___ RECORDS SHOWN
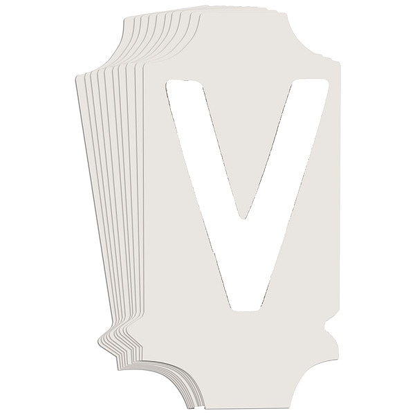 Letter Label, Adhesive Type Permanent Adhesive, Application General Identification, APWA Compliant Color No, Background Color Not Applicable, Character Color White, Character Color Gradient Solid Color, Character Height 1 in, Character Outline Color Not Applicable, Character Type Letters, Characters Included V, Die Cut Yes, Embossed No, Font Gothic, Includes (10) Labels, Indoor/Outdoor Usage Indoor/Outdoor, Letter Casing Uppercase, Material Polyester, Meets USCG Registration Guidelines No
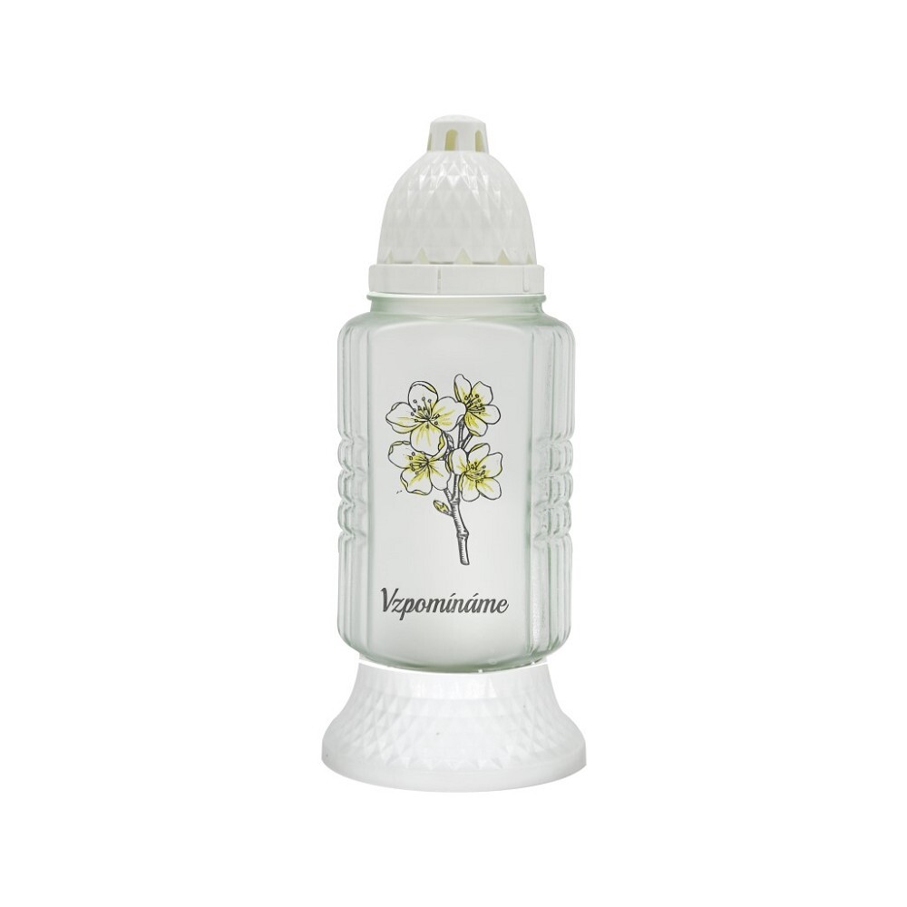 Důstojná skleněná hřbitovní svíčka s jemným motivem květin přináší tichou vzpomínku a úctu k památce zesnulých. Svíčka má výšku 27 cm, což zajišťuje stabilitu a výraznost na pietním místě. Parafínový vklad o hmotnosti 80 g poskytuje přibližně 24 hodin hoření. Víčko chrání plamen před nepřízní počasí. Vhodná pro celoroční použití na hřbitově nebo pamětním místě.
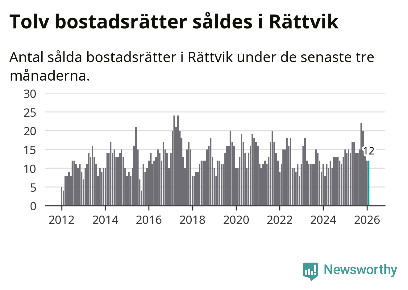 Graf: Antal sålda bostadsrätter i Rättviks kommun
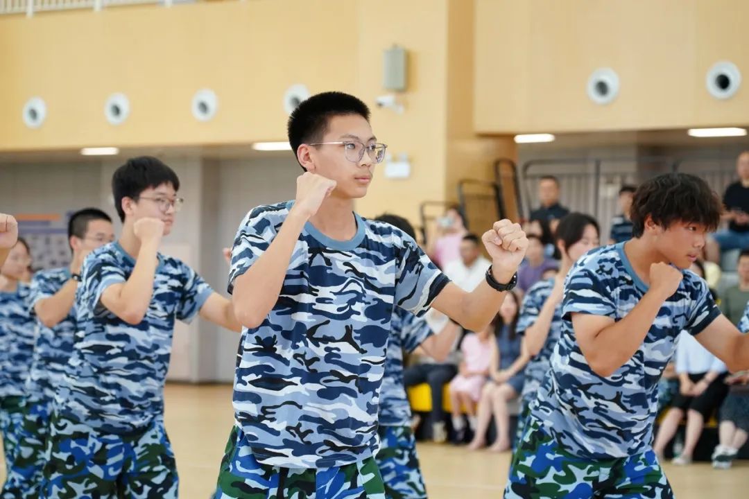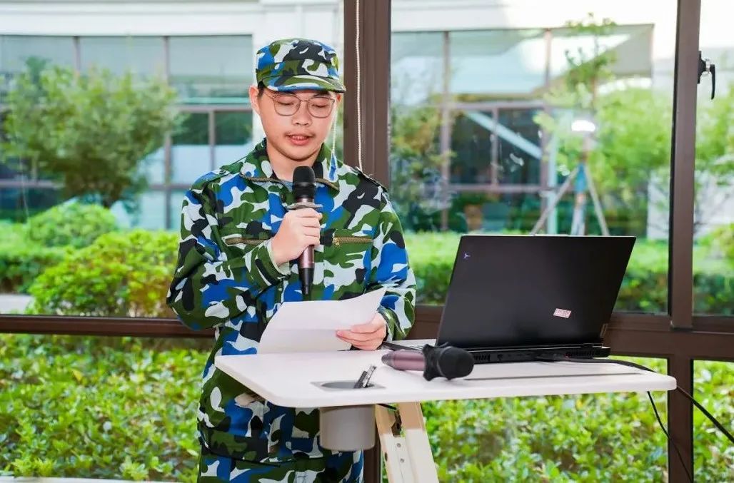 高中部德育主任温福东作军训总结发言。“风吹日晒均是磨练,逆境顺境皆为人生”,温主任希望大家在高中生涯中,始终怀揣突破极限、超越自我的心态,以锲而不舍的努力勇敢逐梦,在华天成就自己最亮丽的青春。
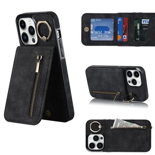 Funda para iPhone 13 Pro Retro Ring y Zipper con Ranura para Tarjeta RFID (Negro)
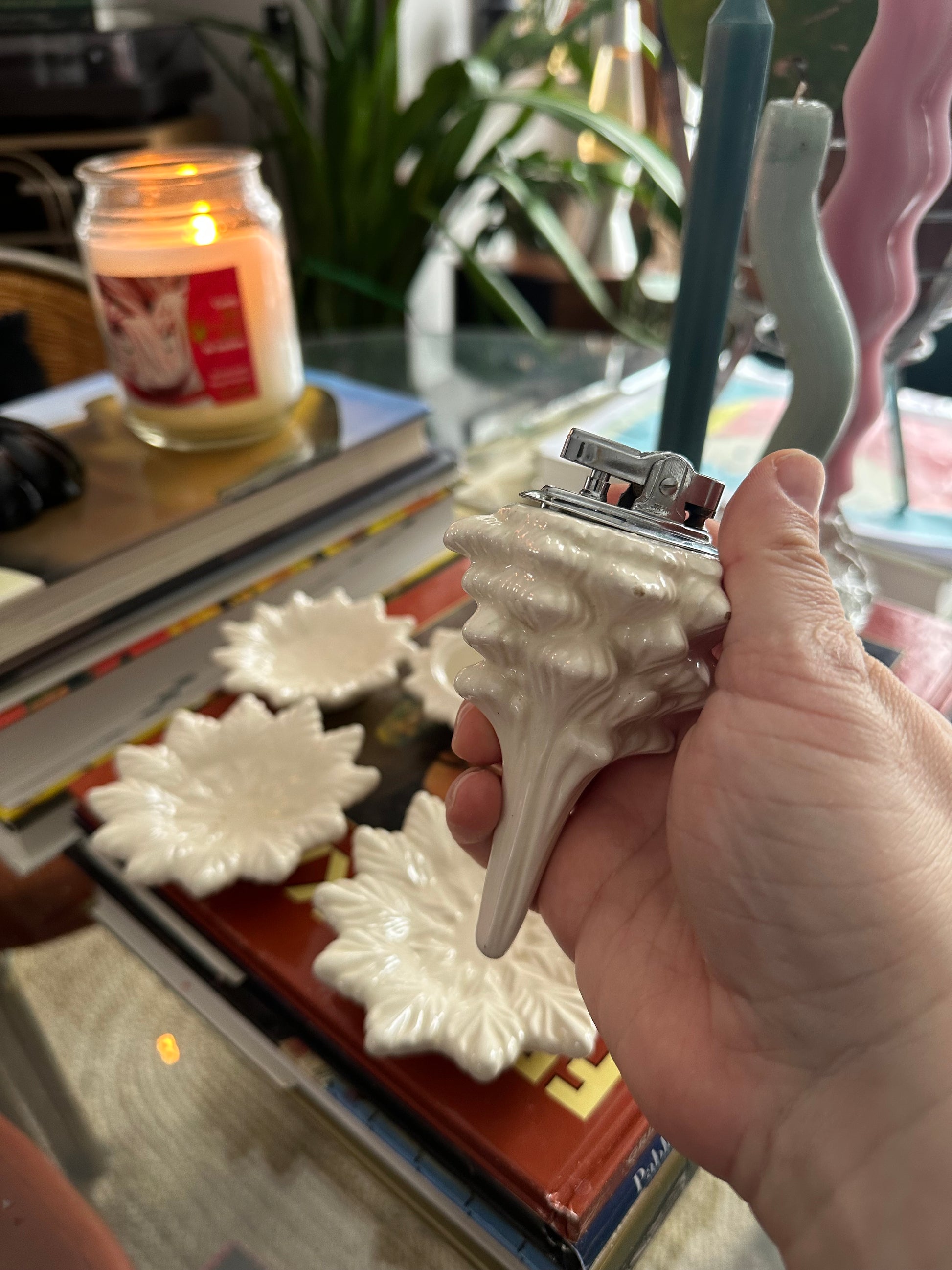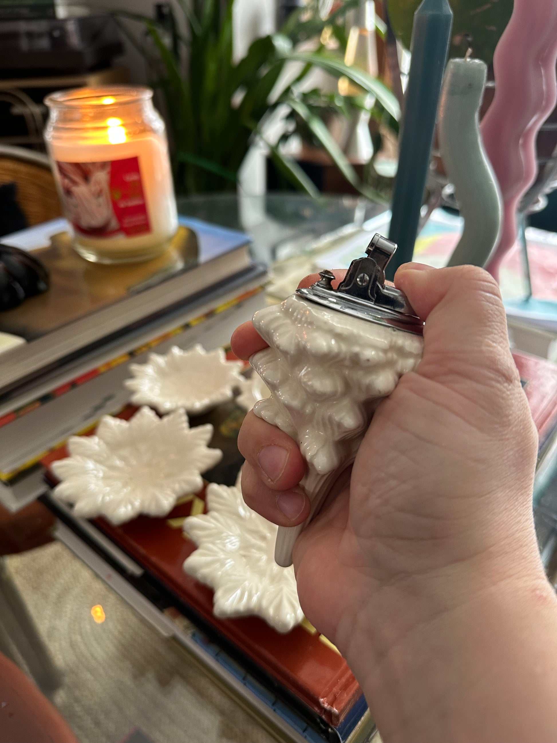 beautiful cream vintage glazed christmas tree lighter.
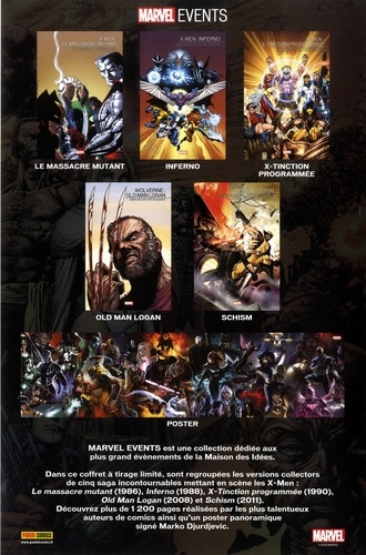 Marvel Events est une collection dédiée aux plus grand évènements de la Maison des Idées. Dans ce coffret à tirage limité, sont regroupées les versions collectors de cinq saga incontournables mettant en scène les X-Men : Le massacre mutant (1986), Inferno (1988), X-Tinction programmée (1990), Old Man Logan (2008) et Schism (2011). Découvrez plus de 1 200 pages réalisées par les plus talentueux auteurs de comics ainsi qu'un poster panoramique signé Marko Djurdjevic.
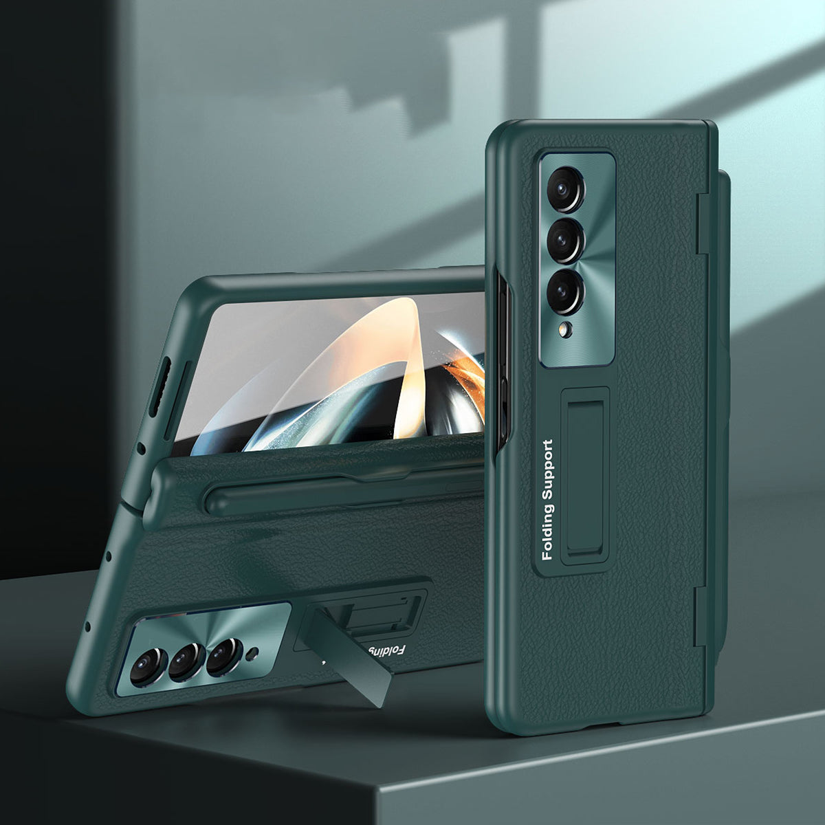For Samsung Galaxy Z Fold3 5G Hinged Kickstand Case PU Leather + PC Phone Cover with Stylus and Tempered Glass Film
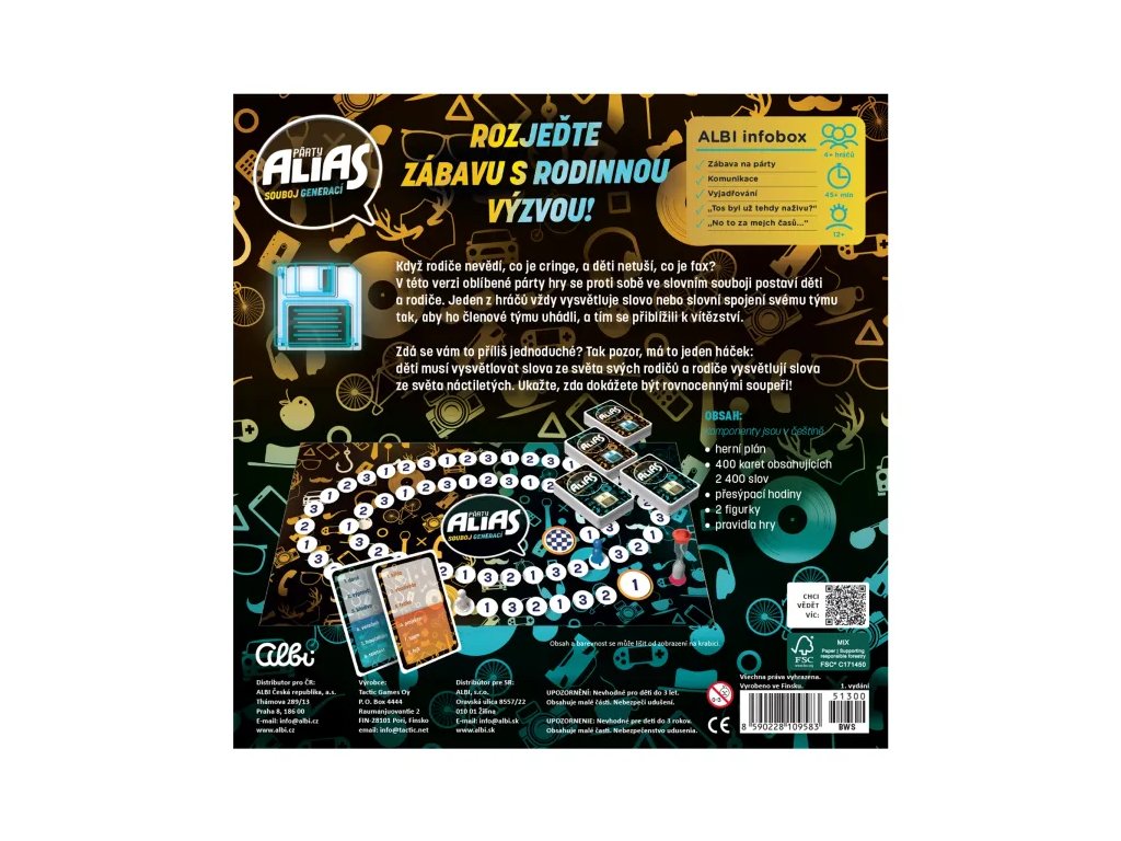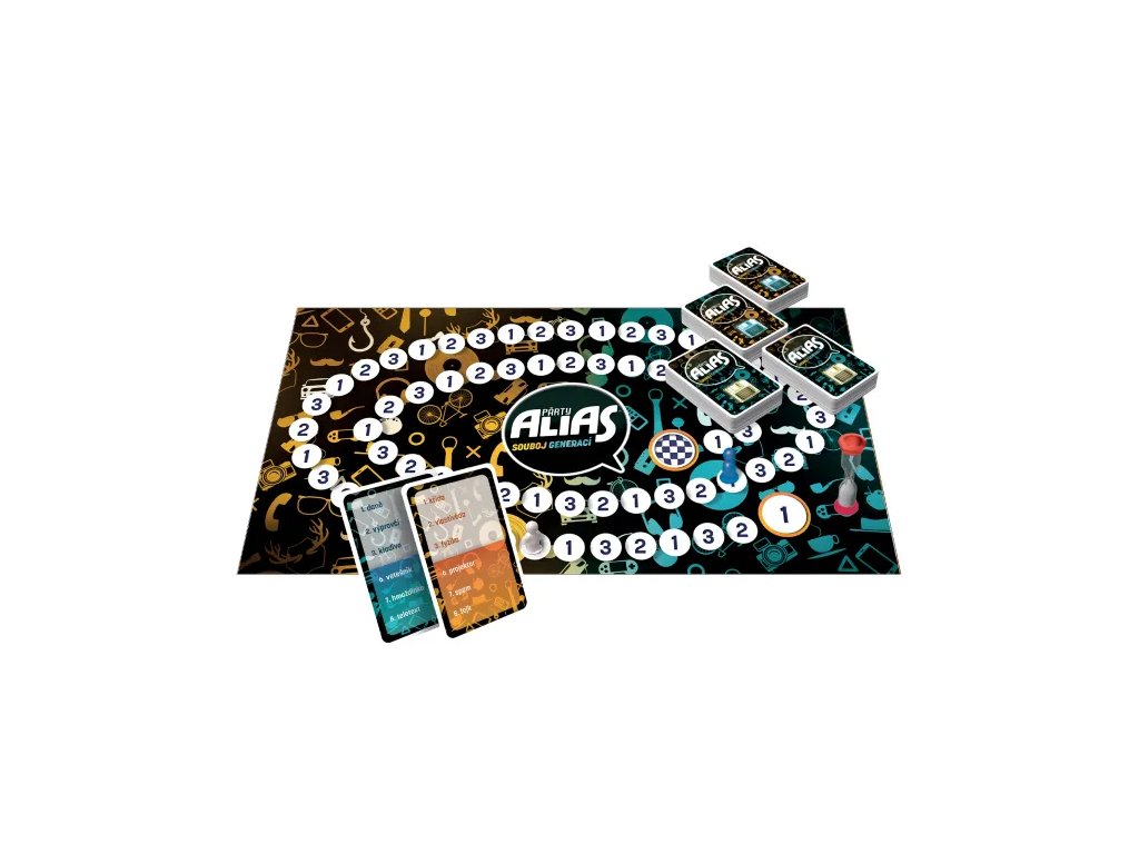 Vyzkoušejte novou verzi oblíbené hry Párty Alias, ve které se proti sobě ve slovním souboji postaví děti a rodiče. V této verzi najdete pouze úkoly s mluvením, žádná pantomima ani kreslení. Hra obsahuje: herní plán, 400 karet obsahujících 2 400 slov, přesýpací hodiny, 2 figurky a pravidla.
______
Your answer is the exact run of lines above from the one with "Důstojná skleněná hřbitovní" through the one with "For Samsung Galaxy", both ends included, minus any picture.

 Důstojná skleněná hřbitovní svíčka s jemným motivem květin přináší tichou vzpomínku a úctu k památce zesnulých. Svíčka má výšku 27 cm, což zajišťuje stabilitu a výraznost na pietním místě. Parafínový vklad o hmotnosti 80 g poskytuje přibližně 24 hodin hoření. Víčko chrání plamen před nepřízní počasí. Vhodná pro celoroční použití na hřbitově nebo pamětním místě.
 Graf: Antal sålda bostadsrätter i Rättviks kommun
 高中部德育主任温福东作军训总结发言。“风吹日晒均是磨练,逆境顺境皆为人生”,温主任希望大家在高中生涯中,始终怀揣突破极限、超越自我的心态,以锲而不舍的努力勇敢逐梦,在华天成就自己最亮丽的青春。
 Funda para iPhone 13 Pro Retro Ring y Zipper con Ranura para Tarjeta RFID (Negro)
 beautiful cream vintage glazed christmas tree lighter.
 Marvel Events est une collection dédiée aux plus grand évènements de la Maison des Idées. Dans ce coffret à tirage limité, sont regroupées les versions collectors de cinq saga incontournables mettant en scène les X-Men : Le massacre mutant (1986), Inferno (1988), X-Tinction programmée (1990), Old Man Logan (2008) et Schism (2011). Découvrez plus de 1 200 pages réalisées par les plus talentueux auteurs de comics ainsi qu'un poster panoramique signé Marko Djurdjevic.
For Samsung Galaxy Z Fold3 5G Hinged Kickstand Case PU Leather + PC Phone Cover with Stylus and Tempered Glass Film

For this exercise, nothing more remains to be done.